Updated: Aug 1, 2020
She was lovely – younger than her years with a glowing complexion, athletic build, and stylish outfit. Her smile was warm and genuine. But she was troubled. I was on staff as the church’s women’s pastor and although I was significantly younger than her and never married, she shared her heart with me. She’d been married a long time. She’d raised a family, been active with her husband in church, and trusted the life they’d built together. Her world was rocked when she discovered he’d betrayed their covenant. Reconciliation was not possible. It was beyond shocking – to her, her children, and the community.
Several years had passed since the divorce and she had done some hard work to heal her torn and battered soul. She had taken the tatters that remained and allowed God to stitch her life into something beautiful. She became a minister to others. A broken healer.
She wanted to know if she might marry again, find that something she’d been missing all her life. She longed for a companion to share her golden years with. As we spoke about it, she said something that has stuck with me ever since. It was one of those nuggets that I wanted seared into my brain. I never want to forget her words.
Her marriage had not been perfect. It had, in fact, been wrought with pain and disappointment. She shared a few painful details, ways he’d hurt her beyond imagination in their younger years. As I heard her tales, I thought about how the person you commit your life to has such power to cause pain, to destroy confidence, to emotionally crush.
I wondered aloud how a person can continue to open themselves up to someone whose insecurities can cause so much burning pain.
She told me she’d shut down. She’d made a decision to maintain some emotional safety while continuing to go through the motions of a life together. Cruel words had driven her into the shadows of their marriage, withdrawing and building walls around her heart.
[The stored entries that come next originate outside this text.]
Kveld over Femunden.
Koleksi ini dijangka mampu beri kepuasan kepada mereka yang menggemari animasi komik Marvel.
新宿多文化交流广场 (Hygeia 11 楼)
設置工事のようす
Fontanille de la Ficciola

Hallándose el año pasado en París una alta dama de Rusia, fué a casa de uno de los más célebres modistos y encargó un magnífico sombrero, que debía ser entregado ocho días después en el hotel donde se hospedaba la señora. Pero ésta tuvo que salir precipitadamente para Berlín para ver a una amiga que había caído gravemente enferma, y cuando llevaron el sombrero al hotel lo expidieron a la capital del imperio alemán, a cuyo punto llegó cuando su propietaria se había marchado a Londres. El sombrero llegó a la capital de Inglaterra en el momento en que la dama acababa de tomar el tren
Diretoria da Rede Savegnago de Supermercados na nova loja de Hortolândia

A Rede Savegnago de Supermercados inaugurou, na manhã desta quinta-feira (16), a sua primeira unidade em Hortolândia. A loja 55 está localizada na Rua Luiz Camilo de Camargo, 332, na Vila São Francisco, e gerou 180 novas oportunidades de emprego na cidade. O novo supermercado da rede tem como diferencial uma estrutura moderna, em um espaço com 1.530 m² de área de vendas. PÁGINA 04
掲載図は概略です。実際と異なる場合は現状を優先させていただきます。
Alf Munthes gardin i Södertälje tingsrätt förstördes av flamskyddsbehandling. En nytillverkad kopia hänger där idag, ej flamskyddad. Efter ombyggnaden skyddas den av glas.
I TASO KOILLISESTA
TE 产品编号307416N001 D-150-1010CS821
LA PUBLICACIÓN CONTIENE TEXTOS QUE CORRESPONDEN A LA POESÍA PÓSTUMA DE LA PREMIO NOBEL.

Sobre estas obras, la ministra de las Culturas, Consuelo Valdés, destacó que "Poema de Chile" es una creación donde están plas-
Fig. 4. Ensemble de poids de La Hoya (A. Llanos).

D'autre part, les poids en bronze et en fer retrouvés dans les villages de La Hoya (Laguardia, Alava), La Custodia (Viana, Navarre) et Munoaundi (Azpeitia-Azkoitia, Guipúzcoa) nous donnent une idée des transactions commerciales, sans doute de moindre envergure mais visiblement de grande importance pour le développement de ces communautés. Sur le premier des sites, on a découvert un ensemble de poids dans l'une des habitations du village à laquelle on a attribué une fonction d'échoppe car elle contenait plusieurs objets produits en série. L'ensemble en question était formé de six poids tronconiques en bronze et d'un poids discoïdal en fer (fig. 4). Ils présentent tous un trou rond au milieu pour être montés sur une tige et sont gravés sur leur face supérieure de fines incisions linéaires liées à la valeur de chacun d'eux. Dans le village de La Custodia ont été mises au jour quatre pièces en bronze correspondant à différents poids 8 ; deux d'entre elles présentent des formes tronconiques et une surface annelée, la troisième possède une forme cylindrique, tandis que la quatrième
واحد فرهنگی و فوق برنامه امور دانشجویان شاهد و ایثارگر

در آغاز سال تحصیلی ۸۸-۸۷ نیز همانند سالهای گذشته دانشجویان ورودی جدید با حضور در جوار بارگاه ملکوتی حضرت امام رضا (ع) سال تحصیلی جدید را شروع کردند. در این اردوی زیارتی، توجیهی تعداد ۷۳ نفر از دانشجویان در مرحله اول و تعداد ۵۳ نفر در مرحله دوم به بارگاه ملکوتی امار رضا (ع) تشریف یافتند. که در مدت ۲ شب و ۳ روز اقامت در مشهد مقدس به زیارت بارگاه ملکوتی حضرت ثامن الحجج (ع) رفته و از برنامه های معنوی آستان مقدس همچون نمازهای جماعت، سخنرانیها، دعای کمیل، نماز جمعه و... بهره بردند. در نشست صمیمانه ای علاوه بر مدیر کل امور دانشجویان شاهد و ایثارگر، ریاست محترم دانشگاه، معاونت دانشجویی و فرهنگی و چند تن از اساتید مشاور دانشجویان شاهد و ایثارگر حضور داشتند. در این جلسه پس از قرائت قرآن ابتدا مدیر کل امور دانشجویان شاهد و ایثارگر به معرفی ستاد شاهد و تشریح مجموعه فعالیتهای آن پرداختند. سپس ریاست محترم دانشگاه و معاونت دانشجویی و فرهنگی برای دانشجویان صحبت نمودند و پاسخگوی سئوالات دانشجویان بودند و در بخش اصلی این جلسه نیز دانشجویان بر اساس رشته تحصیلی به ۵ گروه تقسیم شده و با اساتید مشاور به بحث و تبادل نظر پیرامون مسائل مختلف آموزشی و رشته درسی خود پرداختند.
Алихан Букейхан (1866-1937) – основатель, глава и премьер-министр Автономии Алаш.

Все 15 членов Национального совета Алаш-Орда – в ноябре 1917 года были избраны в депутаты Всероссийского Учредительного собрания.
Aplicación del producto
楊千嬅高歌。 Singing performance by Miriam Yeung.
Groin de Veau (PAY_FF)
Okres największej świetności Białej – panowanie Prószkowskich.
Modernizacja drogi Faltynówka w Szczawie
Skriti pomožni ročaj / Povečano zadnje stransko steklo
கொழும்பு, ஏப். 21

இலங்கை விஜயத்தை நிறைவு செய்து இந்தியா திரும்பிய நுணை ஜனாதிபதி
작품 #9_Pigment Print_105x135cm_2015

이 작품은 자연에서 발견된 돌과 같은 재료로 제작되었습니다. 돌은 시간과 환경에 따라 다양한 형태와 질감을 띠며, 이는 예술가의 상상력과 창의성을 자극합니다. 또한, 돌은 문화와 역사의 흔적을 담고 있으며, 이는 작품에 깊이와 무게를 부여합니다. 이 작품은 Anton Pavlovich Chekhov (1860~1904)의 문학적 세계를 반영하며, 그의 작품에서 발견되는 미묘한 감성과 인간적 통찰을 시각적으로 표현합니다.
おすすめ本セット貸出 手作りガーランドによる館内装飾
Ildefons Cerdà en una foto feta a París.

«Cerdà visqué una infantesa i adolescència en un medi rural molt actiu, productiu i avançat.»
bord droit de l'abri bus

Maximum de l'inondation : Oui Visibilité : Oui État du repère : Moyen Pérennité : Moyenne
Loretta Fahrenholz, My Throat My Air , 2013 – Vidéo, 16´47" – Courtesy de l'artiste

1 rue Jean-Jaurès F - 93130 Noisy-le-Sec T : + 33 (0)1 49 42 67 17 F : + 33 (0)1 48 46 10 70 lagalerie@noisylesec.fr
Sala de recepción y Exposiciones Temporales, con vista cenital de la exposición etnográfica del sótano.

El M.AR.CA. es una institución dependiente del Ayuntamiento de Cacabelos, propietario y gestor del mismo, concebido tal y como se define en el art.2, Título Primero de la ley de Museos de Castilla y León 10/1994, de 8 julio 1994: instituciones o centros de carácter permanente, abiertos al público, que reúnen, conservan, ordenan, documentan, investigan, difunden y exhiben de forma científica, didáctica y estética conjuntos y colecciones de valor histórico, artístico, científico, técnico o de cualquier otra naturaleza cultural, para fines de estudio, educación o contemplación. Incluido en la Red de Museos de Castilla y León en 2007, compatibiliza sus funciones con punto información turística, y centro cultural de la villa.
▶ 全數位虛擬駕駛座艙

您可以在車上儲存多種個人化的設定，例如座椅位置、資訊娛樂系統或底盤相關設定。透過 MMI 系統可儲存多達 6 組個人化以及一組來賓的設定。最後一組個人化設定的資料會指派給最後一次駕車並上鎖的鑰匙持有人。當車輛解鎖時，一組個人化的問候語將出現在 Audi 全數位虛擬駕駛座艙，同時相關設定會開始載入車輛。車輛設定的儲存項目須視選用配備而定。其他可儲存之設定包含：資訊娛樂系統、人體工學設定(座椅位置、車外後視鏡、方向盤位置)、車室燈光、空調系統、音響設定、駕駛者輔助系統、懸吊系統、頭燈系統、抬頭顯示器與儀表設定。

But that hadn’t kept her safe. She’d dreamed he would notice the distance and pursue her heart; try to make it right. He didn’t. He responded to her retreat by retreating further from her. His distance led to even more distance from her. At the end of their marriage they’d become little more than mildly combative roommates. As an objective outsider I could see that the whole mess was caused by fear.
She quietly choked out the words: “He deserved my withdrawal, but I think I should’ve found a way to forgive him and move past it.”
I was stunned by her humility.
I’ve never forgotten it.
As I move closer to my third year of marriage, I can tell you that even if you marry the nicest, kindest, most giving person in the world – that person will still hurt you. It’s most often unintentional, but when you allow someone that close to your heart, the pressure can become so great that it becomes pain. Rick and I have hurt one another. Even with the best of intentions. Often with eyes wide in shock that the other person reacts in such a way to what we have said or done. And a few times we may have even caused a little pain on purpose.
I can be sensitive and emotional. He can say things that are insensitive. I can be sharp and demanding. He can be naïve and critical. We are far from perfect. There have been times when I’ve battled my emotions, feeling my spirit try to curl up into a tight ball inside, trying to protect the tender places.
Her words have come back to me.
Find a way to move past it. Forgive, forgive, forgive.
Not only forgive, but force the tight ball to uncurl. Go so far as to expose the tender places again, knowing you may feel searing pain again.
Expose them anyway.
I’ve struggled with that concept. What do I do with the pain, Lord? And what do I do if it happens again and again and again? Is there a limit?
God answered me:
IT IS NOT YOUR JOB TO PROTECT YOURSELF.
Give it to ME. I’m your protector. If you hide your heart in Mine, I will keep your heart safe. I will heal you.
Has God allowed those tender places to be exposed because He needs me to toughen up? Maybe He has things for me to do outside this home and family that I can’t handle if I don’t build some muscle where the soft belly of need currently is.
I don’t know the answer, but I’m trying to figure it out.
I suspect that the most successful marriages are the ones where people decide to stay open, to keep their tender places exposed, to risk the pain. The most successful couples pursue one another when the other draws away. They challenge their fear and intentionally seek out the love they want from their spouse.
Here’s the question that drives the point home for me:
What does curling up inside accomplish anyway?
In my mind I see the lovely woman who lost her dreams and is finding herself again. How many times would she have had to forgive her husband and try again? Possibly hundreds, thousands even.
He may have changed as a result of her example and cherished her more for it.
He may have had an affair anyway.
Even if he had thrown her love away, the end could have been the same. God was waiting ~ either way ~ to stitch her back together again into something exquisitely beautiful.